Exercise
Starting at the top line and ending at the bottom one, repeat the entries exactly and drop every picture.

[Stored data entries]
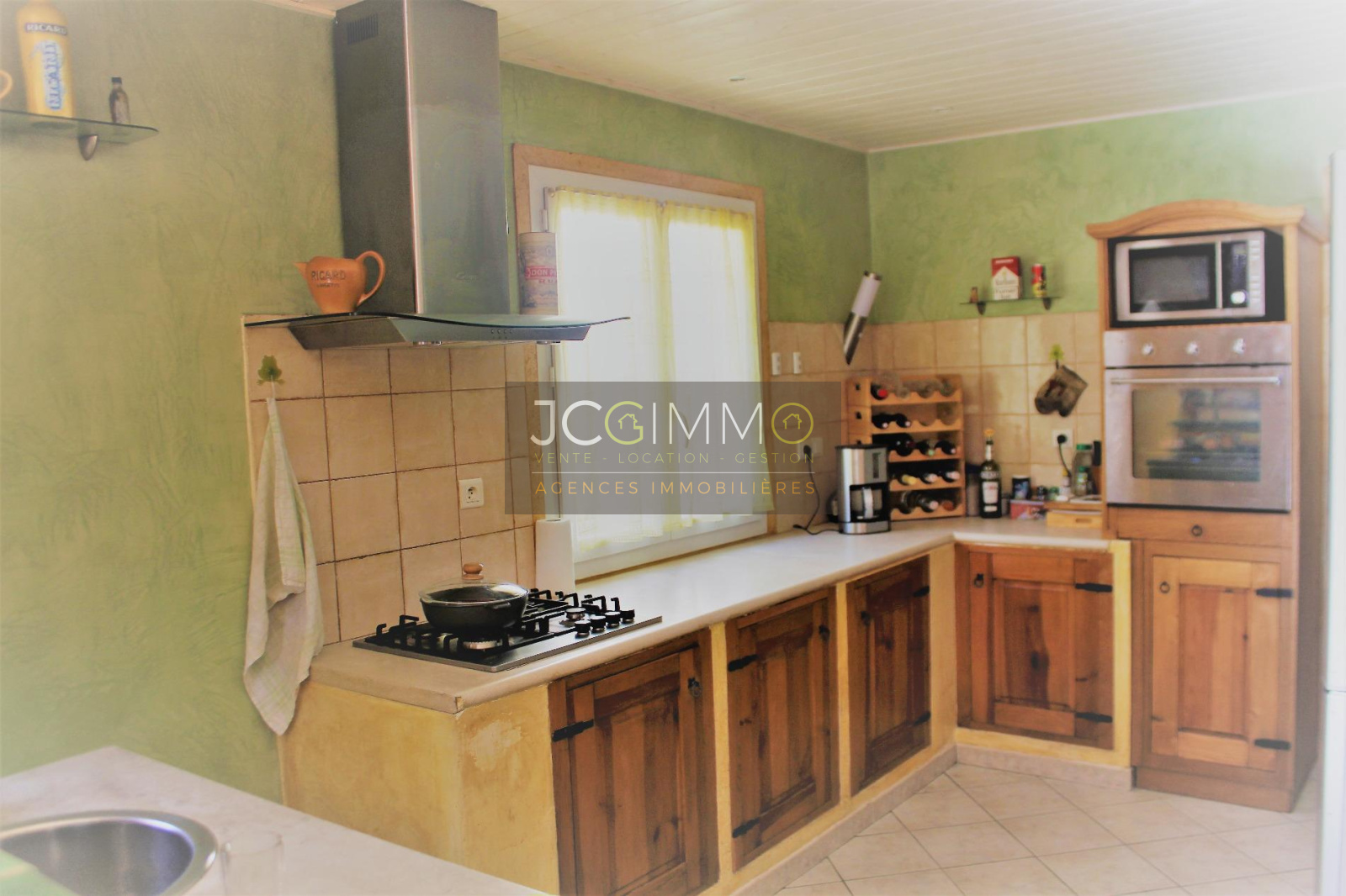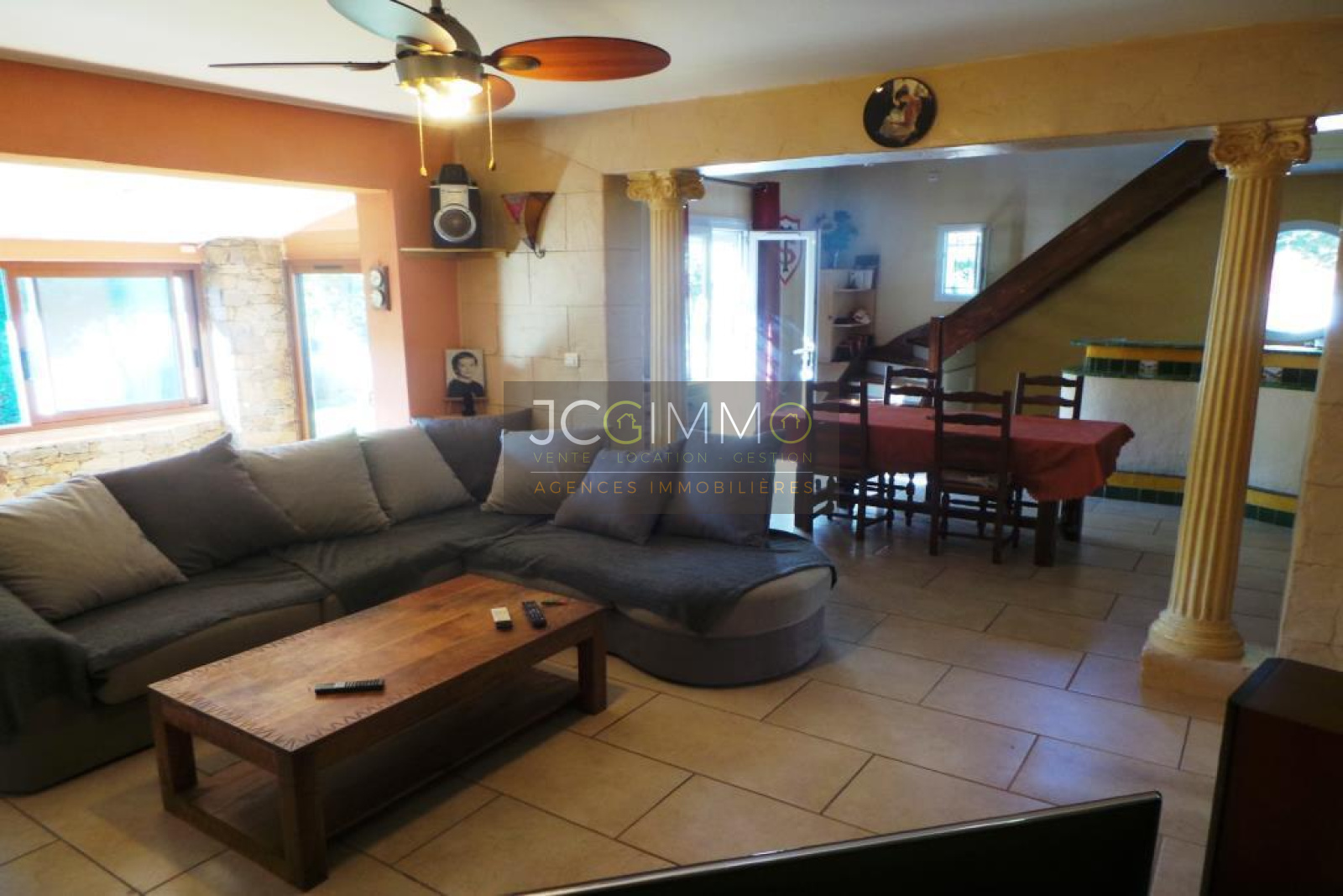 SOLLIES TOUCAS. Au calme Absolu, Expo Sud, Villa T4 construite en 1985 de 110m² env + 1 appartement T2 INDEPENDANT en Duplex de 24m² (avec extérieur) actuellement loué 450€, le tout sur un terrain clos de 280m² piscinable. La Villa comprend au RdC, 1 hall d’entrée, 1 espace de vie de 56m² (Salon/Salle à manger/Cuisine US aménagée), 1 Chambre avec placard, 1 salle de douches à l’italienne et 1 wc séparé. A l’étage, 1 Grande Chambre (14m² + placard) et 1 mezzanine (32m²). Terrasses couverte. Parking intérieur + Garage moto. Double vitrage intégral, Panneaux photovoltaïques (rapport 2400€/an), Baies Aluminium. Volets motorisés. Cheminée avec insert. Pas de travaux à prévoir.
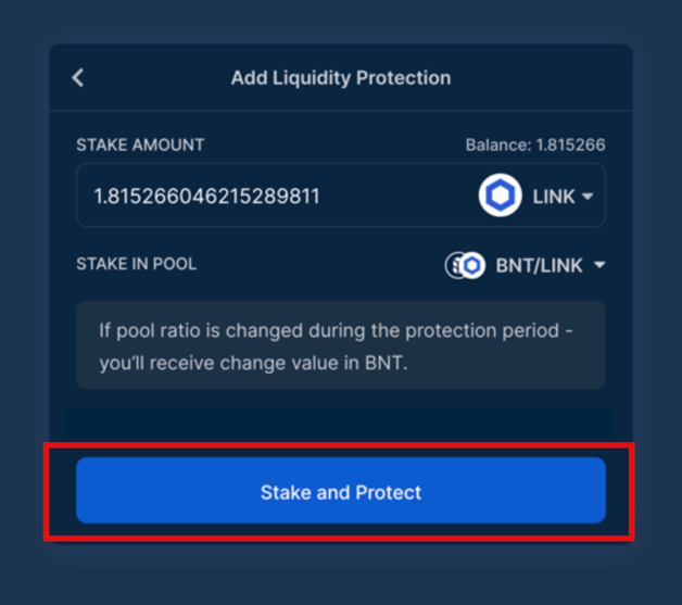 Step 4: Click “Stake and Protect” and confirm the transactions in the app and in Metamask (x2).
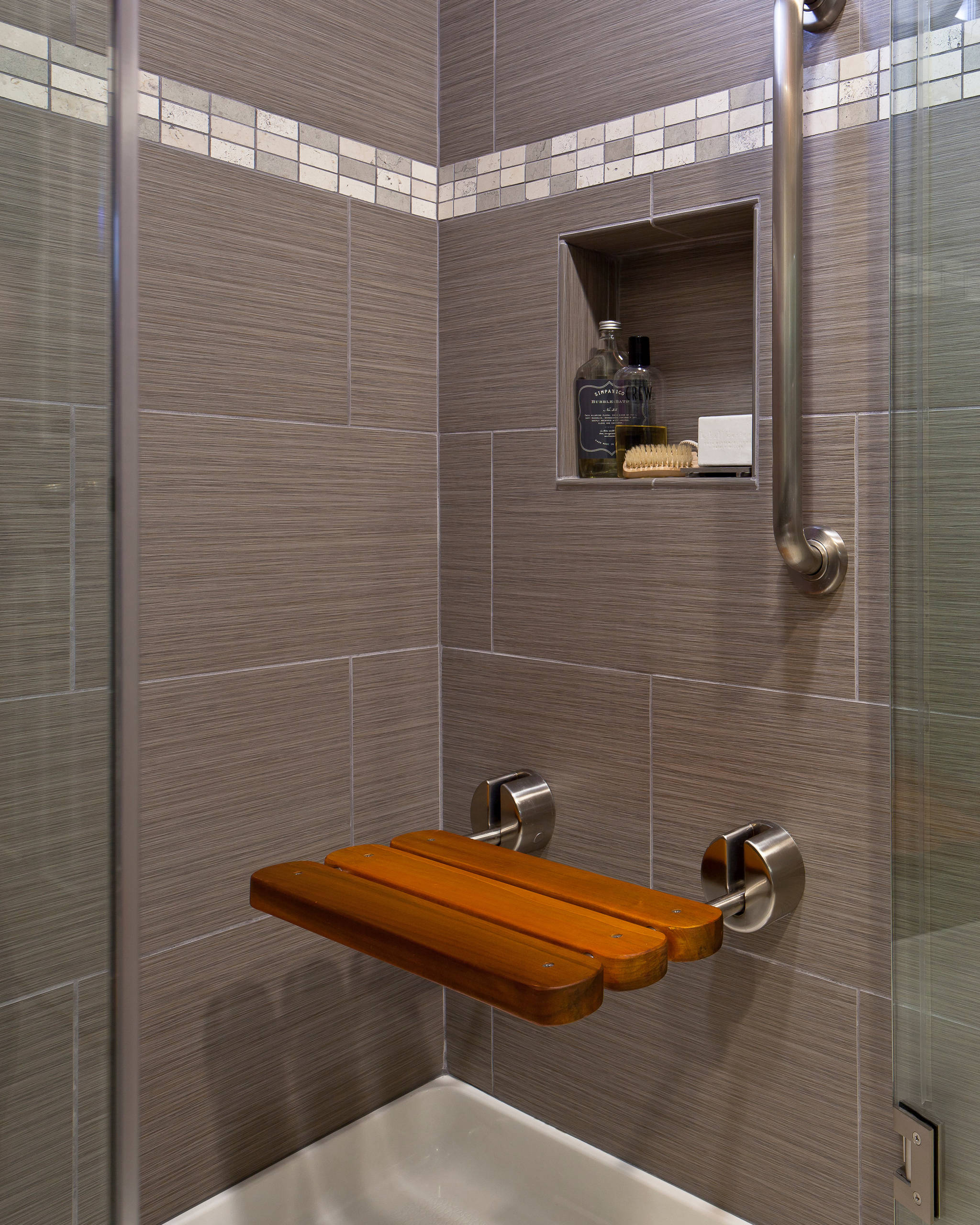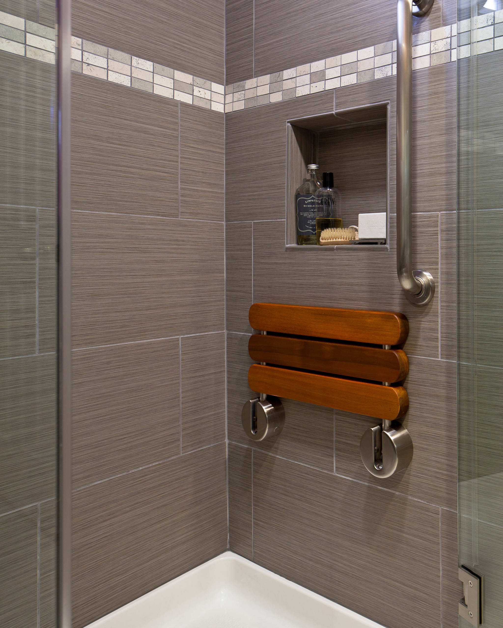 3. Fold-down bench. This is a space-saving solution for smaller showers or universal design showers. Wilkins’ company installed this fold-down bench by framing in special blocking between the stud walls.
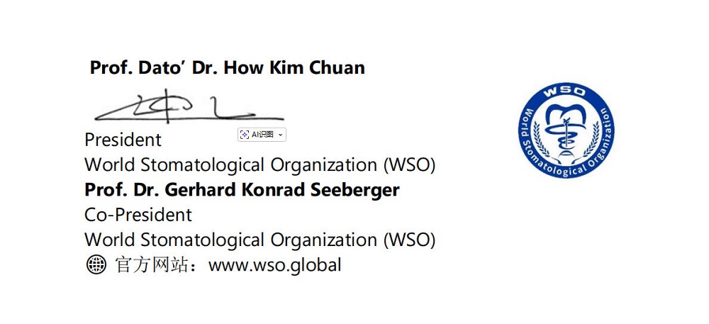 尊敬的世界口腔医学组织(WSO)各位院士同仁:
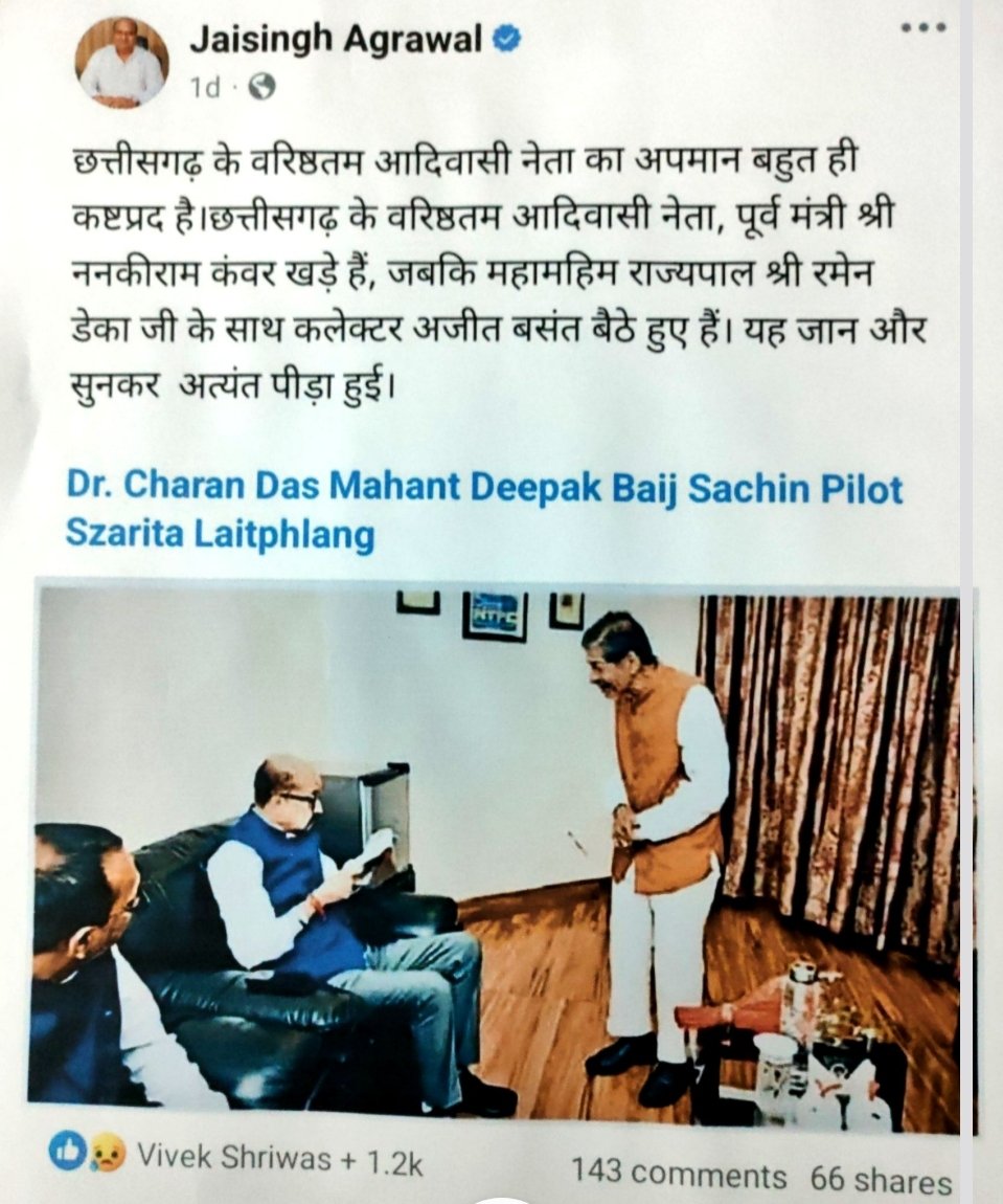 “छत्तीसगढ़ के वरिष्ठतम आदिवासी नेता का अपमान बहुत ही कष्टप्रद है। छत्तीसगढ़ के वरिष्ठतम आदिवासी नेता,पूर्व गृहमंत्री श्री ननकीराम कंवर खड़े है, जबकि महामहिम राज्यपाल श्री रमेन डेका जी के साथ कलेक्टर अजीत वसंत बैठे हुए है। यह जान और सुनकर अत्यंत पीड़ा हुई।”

Response box
 SOLLIES TOUCAS. Au calme Absolu, Expo Sud, Villa T4 construite en 1985 de 110m² env + 1 appartement T2 INDEPENDANT en Duplex de 24m² (avec extérieur) actuellement loué 450€, le tout sur un terrain clos de 280m² piscinable. La Villa comprend au RdC, 1 hall d’entrée, 1 espace de vie de 56m² (Salon/Salle à manger/Cuisine US aménagée), 1 Chambre avec placard, 1 salle de douches à l’italienne et 1 wc séparé. A l’étage, 1 Grande Chambre (14m² + placard) et 1 mezzanine (32m²). Terrasses couverte. Parking intérieur + Garage moto. Double vitrage intégral, Panneaux photovoltaïques (rapport 2400€/an), Baies Aluminium. Volets motorisés. Cheminée avec insert. Pas de travaux à prévoir.
 Step 4: Click “Stake and Protect” and confirm the transactions in the app and in Metamask (x2).
 3. Fold-down bench. This is a space-saving solution for smaller showers or universal design showers. Wilkins’ company installed this fold-down bench by framing in special blocking between the stud walls.
 尊敬的世界口腔医学组织(WSO)各位院士同仁:
 “छत्तीसगढ़ के वरिष्ठतम आदिवासी नेता का अपमान बहुत ही कष्टप्रद है। छत्तीसगढ़ के वरिष्ठतम आदिवासी नेता,पूर्व गृहमंत्री श्री ननकीराम कंवर खड़े है, जबकि महामहिम राज्यपाल श्री रमेन डेका जी के साथ कलेक्टर अजीत वसंत बैठे हुए है। यह जान और सुनकर अत्यंत पीड़ा हुई।”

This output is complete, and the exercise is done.